Ξ Until now, Jon Hopkins has been an elusive character, known to most as an expert producer, Ivor Novello-nominated composer of film scores, remixer and long term collaborator of Brian Eno and Coldplay. Yet as Hopkins freely admits, the fact that his solo albums to date (Opalescent, 2001; Contact Note, 2004; Insides, 2009) have been rather overshadowed by his work with others has meant that he’s been able to quietly develop his own identity, style and sound. Some of the ideas for Immunity have been in his mind for a long time, but there’s never been a rush to get them out there. It’s part of his mission to make music that feels as natural and unforced as possible.

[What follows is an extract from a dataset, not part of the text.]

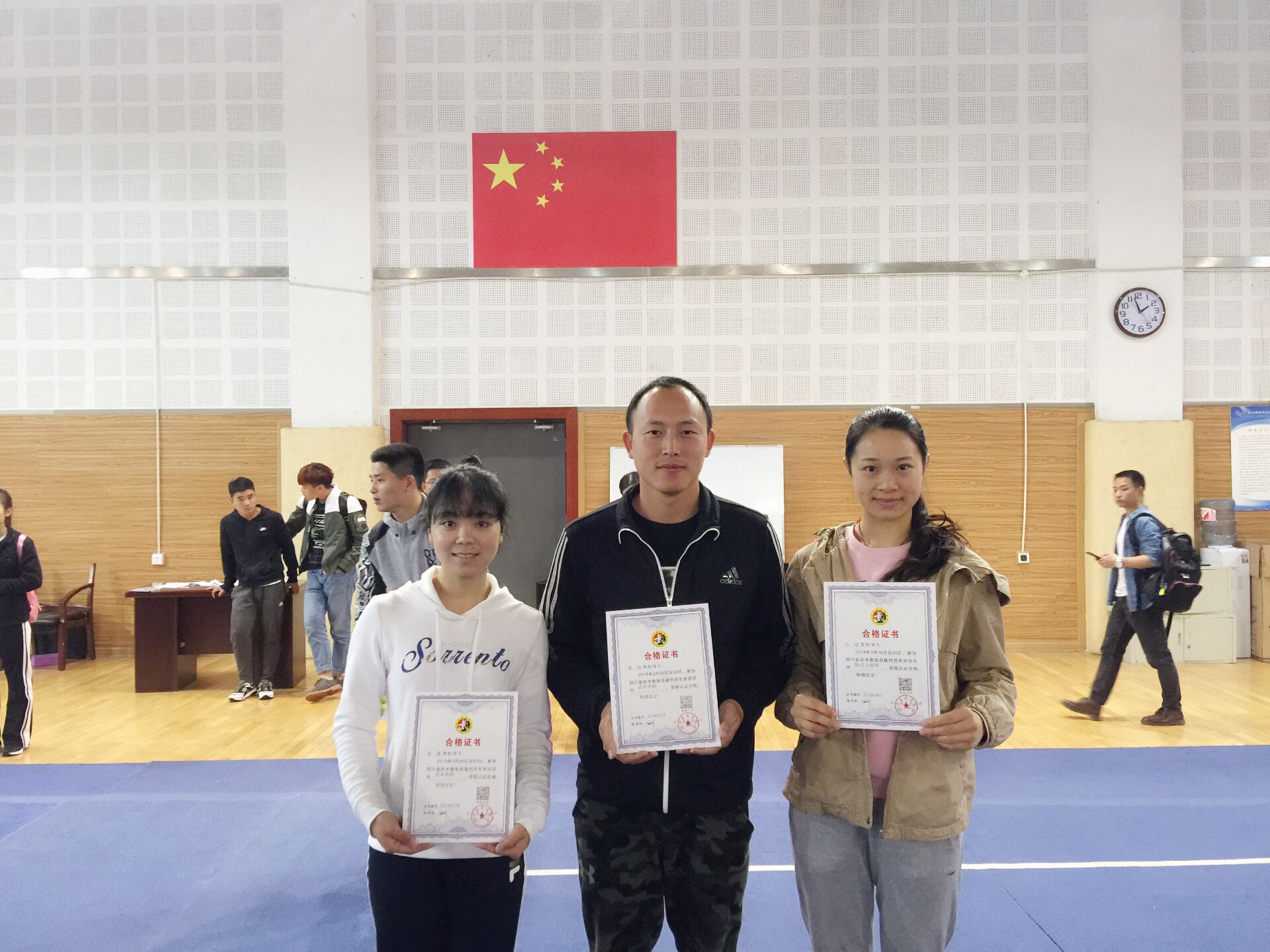 通过培训,李煦表示再次明确了武术套路属于难、美类项群。武术不但包含了套路演练还有技击格斗、养生健身和传承传统文化等系列内容。我院三名学员在学习过程中努力、认真,表现优秀,获得了武术套路、陈氏太极拳教练员裁判员合格证书,实现了“学有所获、学有所思、学有所为”的培训目的。
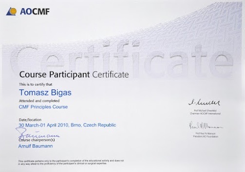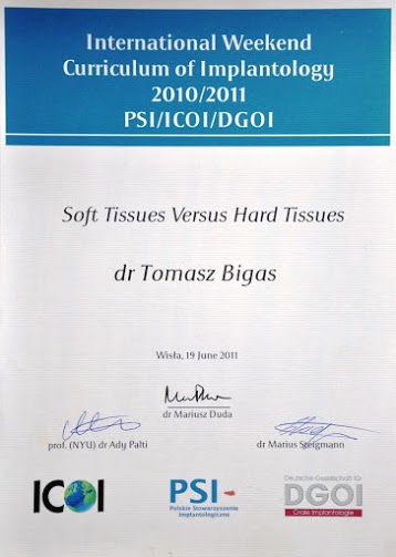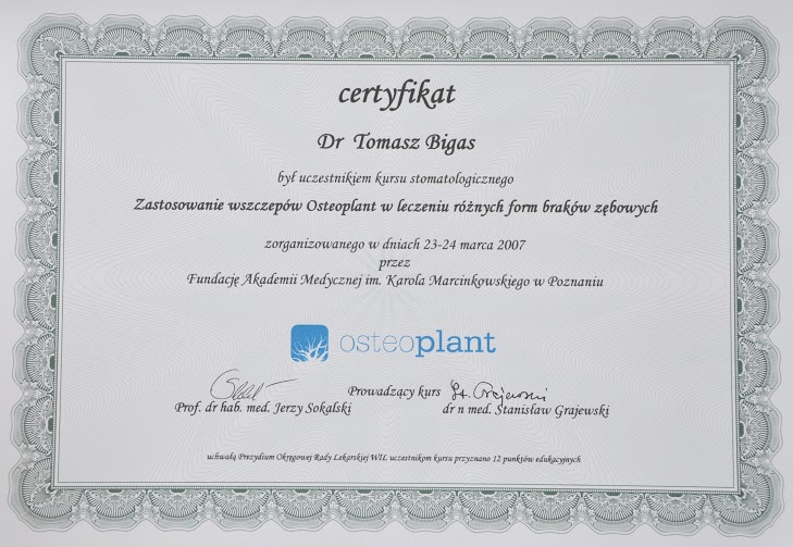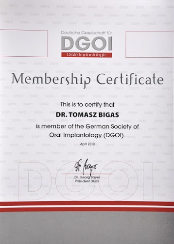 - Tytuł implantologa przyznany przez Deutsche Gesellschaft fur Orale Implantologie

Ξ Yet from the moment you hear that key turn in the lock, Immunity announces itself as a powerful, multi-faceted beast, packed with the most aggressively dancefloor-focussed music Hopkins has ever made. Initial indications suggest his first foray into riffs and grooves is paying off. See first single from the album, ‘Open Eye Signal’, where a high pressure hiss gives way to burbling, insistent rhythm — a chrome express train accelerating through a sunlit landscape. The track got its first outing courtesy of Apparat at a DJ set in Japan on New Year’s Eve — an email from the German musician informing Hopkins that the room had erupted made for a great late Christmas present. Ξ Or ‘Breathe This Air’ with its graceful build and huge contrasts in mood via uppity rhythms, mournful piano notes, and stirring choral drones. And then there’s ‘Collider’, the album’s peak and the track that Hopkins says is the best he’s ever written. A ten minute techno monster, ‘Collider’ is underpinned by a constant, pounding bass pulse and a sinister texture that could be a harshly taken breath inside a gas mask. The towering central riff makes for a mournful, dystopian aesthetic, cinematic like black rain over neon. Yet the bleak euphoria that suggests a knees-up at the end of the world is only half the story — the compelling 4/4 rhythm and hint of a human vocal give this a massive twist halfway through.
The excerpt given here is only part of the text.